Issue
After upgrading CloudBees CI Modern, the operations center and / or managed controller are restarting unexpectedly. The node / pod description show:
The node was low on resource: ephemeral-storage. Threshold quantity: ..., available: .... Container jenkins was using ..., request is 0, has larger consumption of ephemeral-storage.
Explanation
Starting version 2.401.3.3, the CI Modern container images automatically set the following system properties on startup:
jenkins.plugins.git.AbstractGitSCMSource.cacheRootDir=/tmp/jenkins/caches/git org.jenkinsci.plugins.github_branch_source.GitHubSCMSource.cacheRootDir=/tmp/jenkins/caches/github-branch-source
This is a requirement for High Availability (active/active) controllers to avoid corruption issues that was brought to the container image. Consequently applied to any kind of managed controller.
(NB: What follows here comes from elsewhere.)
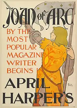 Twain based Joan of Arc's physical appearance on his daughter Susy Clemens, as he remembered her at age 17.[9] He began writing the novel late in 1892, then set it aside until 1894; he finished the manuscript in 1895. He serialized an abridged version for magazine publication, then published the full-length book in 1896.[10]

It moves the Git plugin cache and GitHub Branch Source okhttp cache from the JENKINS_HOME
to the /tmp
directory. Although this has a little impact in most environments, it can cause stability issues due to ephemeral storage usage. Especially in environments that require lightweight checkout of large git repositories and using Git SCM.
Resolution
The solution is to add the following System Properties to the operations center / managed controller configuration to restore the default behavior of those features:
jenkins.plugins.git.AbstractGitSCMSource.cacheRootDir=/var/jenkins_home/caches org.jenkinsci.plugins.github_branch_source.GitHubSCMSource.cacheRootDir=/var/jenkins_home/org.jenkinsci.plugins.github_branch_source.GitHubSCMProbe.cache
if these cache directories are put back into /var/jenkins_home using these system properties, ensure your backups omit these directories.
|
See How to add Java arguments to Jenkins on CloudBees CI Modern ? for details.
If despite this change, operations center / managed controller pods are still being evicted due to low available ephemeral-storage on the node, then the problem is not related to the change discussed here. The /tmp needs to be evaluated (through monitoring and investigation of files in the /tmp directory) and ephemeral-storage resource requests / limits may be applied as a solution. See Adding ephemeral storage requests and limits to a managed controller ?
|